# Vegetation Analysis Pre/Post Lava Fire Using SentinelHub and Sentinel-2 Imagery on AWS

This notebook includes examples included in the blog post [Getting Started with Geospatial Analysis on SageMaker Studio Lab](https://towardsdatascience.com/getting-started-with-geospatial-analysis-b2116c50308b). For this specific use case we focus on working with the [Sentinel-2](https://registry.opendata.aws/sentinel-2/) dataset using the [SentinelHub API]((https://www.sentinel-hub.com/) to query and download pre/post scenes over Mt.
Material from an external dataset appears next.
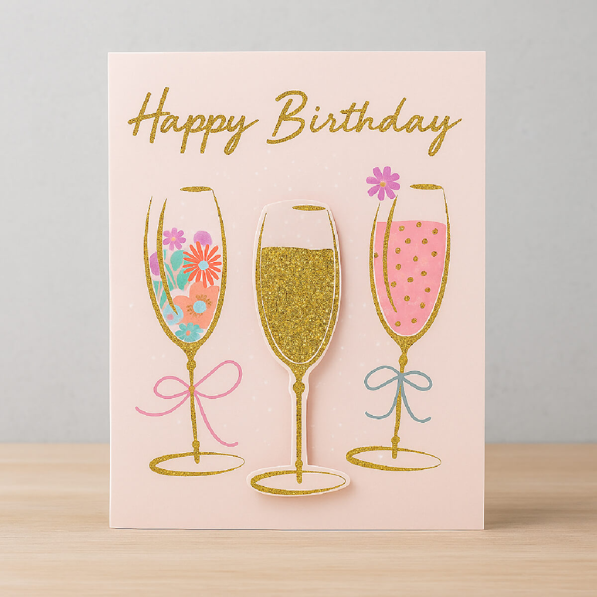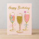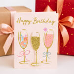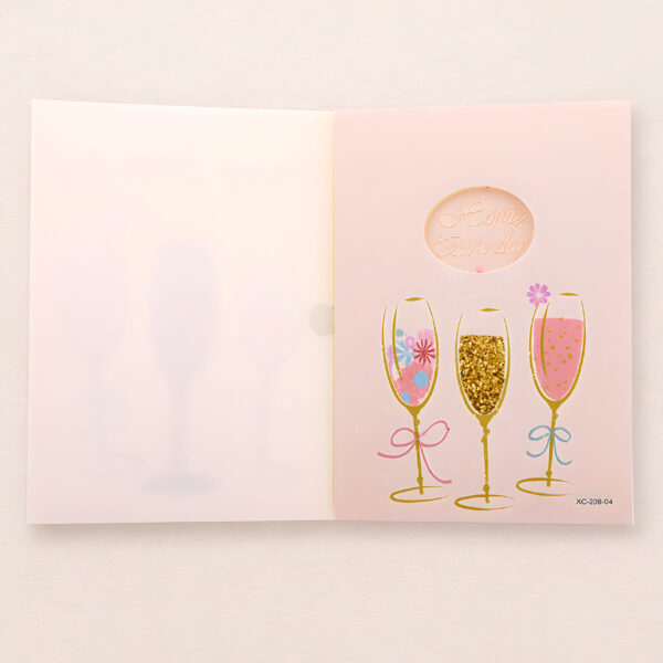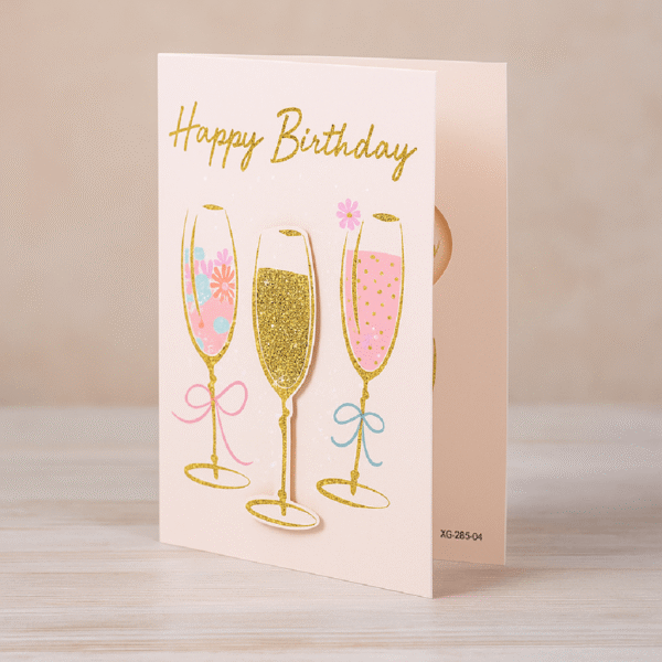 Felicitare veselă și colorată, realizată din hârtie cartonată premium, decorată cu motive aniversare (pahare de șampanie și sclipici) – perfectă pentru a aduce un zâmbet de ziua cuiva drag. Fiecare felicitare este livrată împreună cu un plic și ambalată individual în folie de protecție, fiind gata de oferit cadou.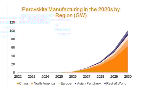 Europe will be home to a majority of global perovskite installations until 2028 and will continue to be the biggest single region until 2034 when China overtakes it.

Shasta in California during the [Lava Fire](https://en.wikipedia.org/wiki/Lava_Fire_(2021)) from June 2021. We then compare two images calculating an normalized difference vegetation index (NDVI) to identify vegetation and classify the result using a simple land cover classification scheme. 

## Install Packages (Optional)
Creating a environment in Studio Lab is easy, just select the environment.yml file (by cloning this repository or upload it directly), right click the YAML file and select create environment. Once the environment is created, you should open this notbook with the newly created kernel. Optionally you can also uncomment the package installation section of the notebook to install these packages manually. 

In [None]:
# %pip install numpy
# %pip install matplotlib
# %pip install plotly_express
# %pip install sentinelhub
# %pip install rasterio
# %pip install earthpy

## Import Packages
After the environment is created and selected or the packages installed manually, we can import them directly.

In [None]:
import numpy as np
import matplotlib
import matplotlib.pyplot as plt 
import folium
import plotly_express as px
import os
import warnings
warnings.filterwarnings('ignore')

## Working With Geospatial Images
For Geospatial data, we will use Sentinel-2. The [Sentinel-2 mission](https://sentinel.esa.int/web/sentinel/missions/sentinel-2) is a land monitoring constellation of two satellites that provide high resolution optical imagery and continuity for the current SPOT and Landsat missions. The Sentinel-2 dataset is available publicly at the [AWS open data registry](https://registry.opendata.aws/sentinel-2/).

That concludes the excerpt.